It shall be a defense by the Corporation to any such action (other than an
action brought to enforce a claim for expenses incurred in defending any
proceeding in advance of its final disposition where the required undertaking,
if any, has been tendered to the Corporation) that the claimant has not met the
standards of conduct which make it permissible under applicable law for the
Corporation to indemnify the Indemnitee for the amount claimed, but the burden
of proving such defense shall be on the Corporation and the Indemnitee shall be
presumed to have acted in accordance with such standard unless it shall be
determined that the Indemnitee has not met such standard. Neither the failure of
the Corporation to have made a determination prior to the commencement of any
such action that indemnification of the Indemnitee is proper because the
applicable standard of conduct has been met, nor an actual determination by the
Corporation, shall be a defense to such action or create a presumption that the
Indemnitee has not met the applicable standard of conduct.

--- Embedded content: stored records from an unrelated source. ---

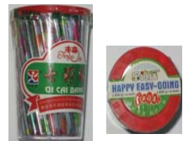
Qi Cai Bang Recalled: 6/18/08
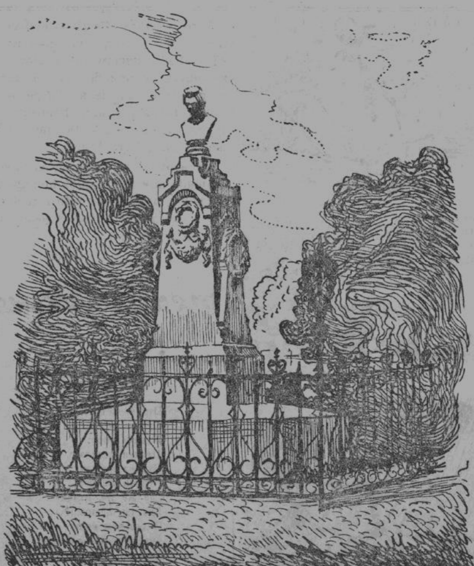
Памятник Кольцову в Воронеже

Белинский прав, отражением природы, любви, бытовыми картинками из жизни деревни не ограничивается поэтический мир Кольцова. В его стихах, песнях и думах ярко отобразил творческий соиздательный труд. Глеб Успенский, которому была особенно близка и знакома крестьянская действительность, писал о Кольцове: «В русской литературе есть писатель, которого невозможно иначе назвать, как поэтом земледельческого труда... Это Кольцов. Никто не исключая и самого Пушкина не трогал
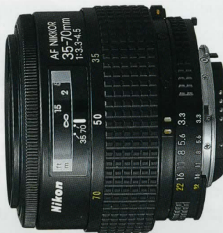
AF Zoom Nikkor 35-70mm f/3,3-4,5
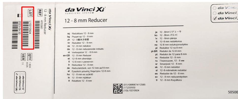
Figur 3: Eksempel på placeringen af partinummeret på etiketten på den indvendige indpakning
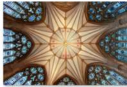
view up 001
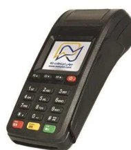
کارتخوان سیار نیولند مدل me31
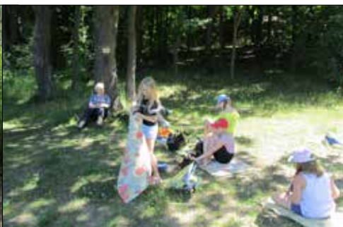
Piknik giszowian w Ośrodku Janina-Barbara
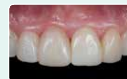
9. Končni rezultat po končnem poliranju
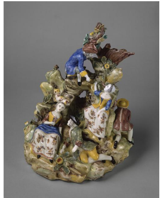
Figure 7 : Cinq personnages en train de discuter (Manufacture de Saint-Cloud), entre 1745 et 1750, porcelaine tendre polychrome, Cité de la céramique, Sèvres.

La deuxième sculpture s'intitule Cinq personnages en train de discuter , datée entre 1745 et 1750. Elle paraît assez ambitieuse pour l'époque : deux femmes et trois hommes occupent l'espace et les personnages sont organisés sur un élément en élévation, une sorte de rocher, une grotte avec un tronc d'arbre à l'arrière et de nombreux végétaux, notamment des fleurs. La polychromie de cet objet nous renseigne sur la nature des éléments : du vert/marron pour
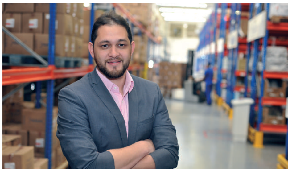
Processos automatizados que garantem eficiência.

Outro incentivador desse novo momento é a localização, que, por sua vez, é situada em um meio que não oferece risco de mudança. Assim, a firma sente-se ainda mais segura para continuar seus investimentos, pois tem um ambiente de estabilidade como base. Na verdade, esse é o outro valor organizacional: ampliar constantemente seu crescimento, sem, no entanto, tirar os pés do chão. Manter sempre sua visão institucional no horizonte, sendo norteadora de decisões e desafios, mas nunca esquecer a missão principal, a razão de sua existência, que é servir com eficiência e respeito aos clientes, fornecedores e colaboradores.
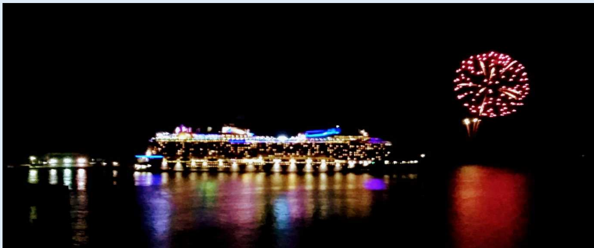
油津港出港時の「クァンタム・オブ・ザ・シーズ」
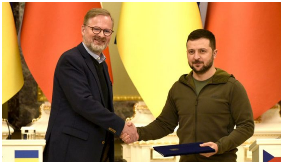
Tihle dva skončí brzy krátce po sobě

Podle ukrajinských zdrojů se už objevily uvnitř ukrajinské armády a mezi oligarchy na Ukrajině silné hlasy, aby Zelenský rezignoval na svoji funkci ke konci ledna. Jeho pozice je již neudržitelná. Nová mobilizace 500 000 lidí je u ledu a sám Zelenský o víkendu couvl [2], že Ukrajina tyto muže zatím nepotřebuje. Je to samozřejmě ústupový manévr Zelenského, tlaky na jeho odchod budou v následujících dnech mohutně sílit. Zelená zrůda s sebou strhne i řadu evropských politiků, možná dojde i na kolaps Fialenkovy vlády v Praze, ve které se objevují první trhliny a praskliny [3]. Stánkaři to balí, šeptá se v kuloárech. Zima bude tuhá v politice. A jaké bude Pražské jaro, Péťo? Těš se, my už to víme!
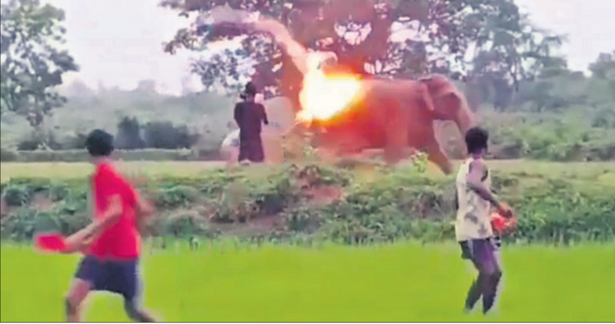
ମୟୂରଭଞ୍ଜ ଜିଲ୍ଲା କରାଞ୍ଜିଆ ବନଖଣ୍ଡ ଦୁଧିଆଣି ରେଖା ଅଞ୍ଚଳରେ ଜଣେ ଯୁବକ ମଶାଳ ନିଆଁରେ ହାତୀକୁ ପିରୁଛନ୍ତି। (ରିପୋର୍ଟ: ପୃଷ୍ଠା-୪)

ଅଭିନେତ୍ରୀ କ୍ୟାପ୍ଟିନା କୈଫ୍ଙ୍କ ସହ ତୁଳନା ହେବାରୁ ମୋ କ୍ୟାପ୍ଟିଭର ନଷ୍ଟ ହୋଇଗଲା ବୋଲି ନିକଟରେ ଏକ ସାକ୍ଷାତକାରରେ ଅଭିନେତ୍ରୀ ଜଣାଇ ଦେଇଛନ୍ତି।
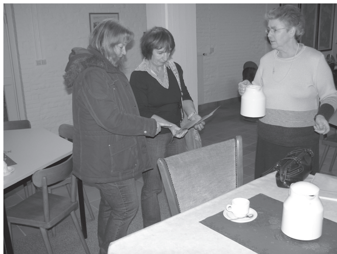
Vergadering MOV-Heerlen/Landgraaf ter voorbereiding van de Vastenactie

Zo schrijft mevrouw Karimi, "Het WRR-rapport over ontwikkelingshulp is een doorwrochte analyse van de complexiteit van ontwikkeling in een geglobaliseerde wereld. Het rapport geeft veel stof tot nadenken en levert een stevige bijdrage aan de discussie over internationale samenwerking. De WRR spaart de huidige hulpsector niet, maar hekelt tegelijkertijd het hulp cynisme dat in Nederland heerst. Ontwikkelingshulp blijft nodig, constateert de WRR, maar het moet beter. Dat vind ik ook." Verder in het artikel maakt mevrouw Karimi een opmerking die mijns inziens tekortkomingen van de huidige ontwikkelingssamenwerking wel goed typeert: "Ook deel ik de constatering van de WRR dat ontwikkelingshulp in een veel bredere context gezien moet worden. Ontwikkelingshulp alleen kan het armoede vraagstuk niet oplossen.
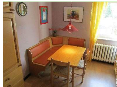
kącik do jedzenia

Grill, Stół(y) ogrodowy(e), 5 krzesło(a) ogrodowe, parasol, 4 transatlantycki(e) leżak(i)
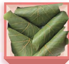
柏餅(5個入) 1,310円(税込1,414円) 浅箱 お日保本日中 受注期4~5月
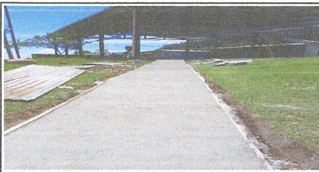
Culminación de cernido de entrada principal de la escuela

Observación: Si es necesario se pueden agregar hojas adicionales y actualizar el número de hojas.
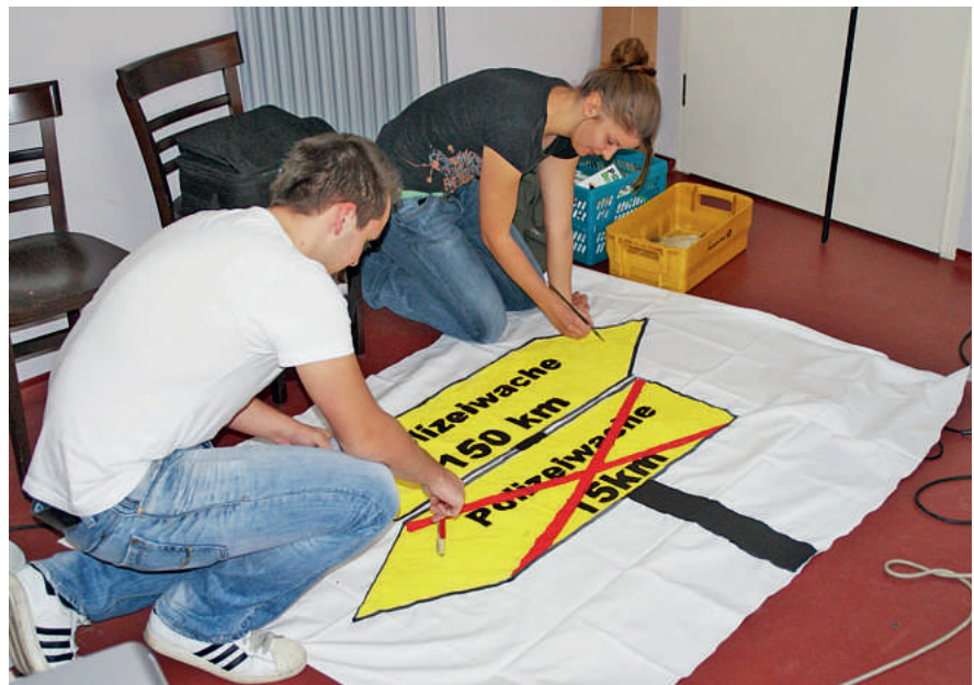
Die Plakate der Jungen Gruppe sind landesweit bekannt.

Fast alle Komponenten unserer Ausbildungs- und Studienbasis sind auf einem guten technischen Stand. Ihr könnt eine funktionale Sporthalle, nach vielem Hin und Her einen ordentlichen Sportplatz und eine der modernsten Raumschießanlagen der Polizei Deutschlands nutzen. Die Lehrkabinette sind mit neuen audiovisuellen Geräten ausgestattet. Allerdings kritisieren wir als Gewerkschaft die nicht vorhandenen landeseigenen Gemeinschaftsunterkünfte und Einschränkungen bei der Nutzung der Außenanlagen. Es ist schade, dass es zudem auch (noch) keine feste Räumlichkeit für teamfördernde Veranstaltungen auf dem Campus gibt. Der jetzige Zustand darf nicht als abschließende Lösung betrachtet werden.

Determinations
required to be made pursuant to this Agreement shall be made by any of the
following, the final identification of which shall be at the sole discretion of
Indemnitee, to be made after request by the Corporation: (i) the Board of
Directors of the Corporation, by a majority vote of a quorum consisting of
directors who are not parties to the proceeding, (ii) independent legal counsel
in a written opinion, which counsel shall be acceptable to the Indemnitee and
such quorum of the Board of Directors, or (iii) a court of competent
jurisdiction.

                  Section 3. NOTICE TO CORPORATION. Indemnitee shall notify the
Corporation in writing of any matter with respect to which Indemnitee intends to
seek indemnification hereunder as soon as reasonably practicable following the
receipt by Indemnitee of written notice thereof, provided that delay in
notifying the Corporation shall not constitute a waiver by Indemnitee of his or
her rights hereunder.

                  Section 4. INDEMNITEE TO CONTROL DEFENSE. Indemnitee shall
control the defense (including the selection of qualified counsel) of any
proceeding against him or her which may give rise to a right of indemnification
hereunder, PROVIDED, however that (a) if the insurance carrier which shall have
supplied any D&O Coverage (as defined in Section 6 hereof) shall be willing to
conduct such defense without any reservation as to coverage, then unless on
written application by Indemnitee concurred in by the Board of Directors of the
Corporation, Indemnitee and the Board of Directors deem it undesirable, such
insurance carrier shall select counsel to conduct such defense; and (b) in any
case involving two or more defendants who are entitled to indemnification by the
Corporation, separate counsel may be used by Indemnitee only to the extent
necessary to avoid conflicts of interest.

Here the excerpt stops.